Thank you for the shout out and wonderfully kind words. You brought up so many topics I can relate to – I hope I can capture it all with my reponse!
First of all, I would have been freaking out at that convention! Especially if most of the meals were meat-centric. That really surprises me. I figured Foodbuzz would be more with the times and feature more veggies. When I travel to things like that, I have the hardest time coordinating dinner locations with other people. They always want to eat things I don’t! And it is totally okay to eat whatever you want, but a steak house? Come on.
We are meeting friends for lunch on Saturday and they offered to cook. I immediately told them I am vegan and will bring a dish. I hate not knowing what is in food, like in your roast and potatoes example. I just want to put the best stuff in my body, and save time for treats! Traveling should not mean all treats all the time! So many people look forward to that though, so they come to expect it.

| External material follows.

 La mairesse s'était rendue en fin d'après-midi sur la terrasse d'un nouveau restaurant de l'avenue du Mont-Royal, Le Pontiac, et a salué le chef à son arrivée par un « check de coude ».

I think it is alright to bring food and tell someone you won’t eat something. But, let me share this. My family came to visit in Nov. (mom, dad and grandma) and my mom brought all of her own food to make even though I told her I had meals to make… it was strange. She just decided in her head what she wanted and couldn’t let it go. I understand that – thinking of something and wanting to do it, but she didn’t even discuss it with me! (And she is not on any special diet). I was a bit upset that she wanted to make her own food without talking to me. So, I would just advise on talking to the person about it!
Oh. And it is totally all about control. I think that is why I have been doing well without binge eating lately is because I am in my own home. We will see how this weekend goes.

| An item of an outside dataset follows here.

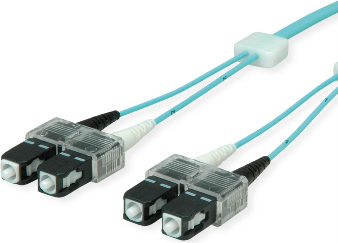 ZVK GmbH EasyLan FO LED Patch Cord Premium, Duplex - Patch-Kabel - SC multi-mode (M) zu SC multi-mode (M) - 1 m - Glasfaser - Duplex - 50/125 Mikrometer - OM3 - Aquamarin, RAL 6027 (LSD31100010)
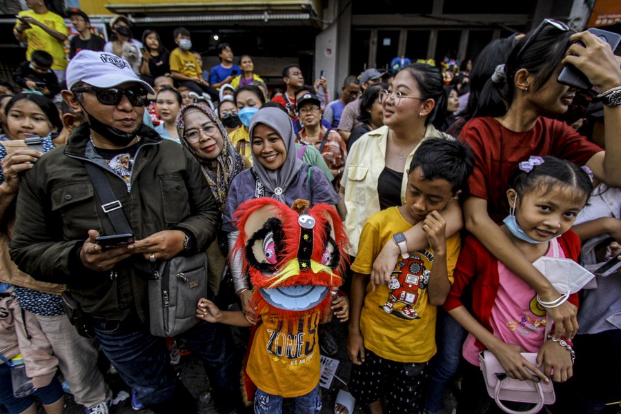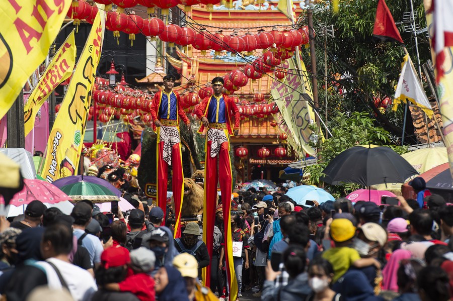 Artists perform in a parade of Lantern Festival 2023 celebrations at Hok Lay Kiong in Bekasi of West Java province, Indonesia on February 5, 2023. (Xinhua/Veri Sanovri) ■

I am sure I forgot to say something. Ugh.
You know me, it’s all about what type of travel it is. If it’s international I put aside all my regular habits and get engrossed in the culture as much as possible. It’s just the way I like to be.
I know what you mean about the sources of meat though. This is a big topic for us right now. We are developing some different beliefs that those around us don’t have. When we eat out at places that we would typically not choose we try to go vegetarian. But when you are with family, it’s a bit different. We haven’t had too much of an issue thus far. Personally I think being both open, yet kind and understanding is the best policy.
I’m not going to comment on all the questions but I’ll comment on a couple of things.
With respect to having dinner at friends, if your eating requirements are quite specific and the invite comes from someone who has no ideas about your eating requirements then I’d tell the invitee that I’d bring a salad (or something I am willing to eat). I’d eat what I could but meat and dairy are two biggies that don’t shock many people.
For eating out when I’m working, depending on where it is I either shop locally and get fresh things (sometimes tricky when you are in the downtown of a city). If it isn’t possible to do this, I do ask for specific things if I know they will be serving food at meetings. I haven’t had any problems with this. Some of my requirements come form allergies so that is a good “excuse” to eat a certain way.
Let me give you a view from the otherside. I eat crap 24/7 but I am working on that. I totally respect anyone who is trying to eat better. When I invite people over to my house to eat if I don’t know them well I would ask specific questions about foods they will/won’t eat. I would never be offended is someone brought their own snacks or something they prefer to eat.
If you were staying with me I would specifically purchase items I knew you would eat.
If you are my friend I would understand and respect not only eating times (I MUST have food or my blood sugar bottoms out) and make accomidations and ensure it is user friendly to you my friend and guest.
That being said, you are always welcome at my home, I would not want it to cause any anxiety. Speak up and tell me if you can’t/won’t eat it. I will still like you and I just might learn a few things and I would adjust and improve my diet – at least for the time!!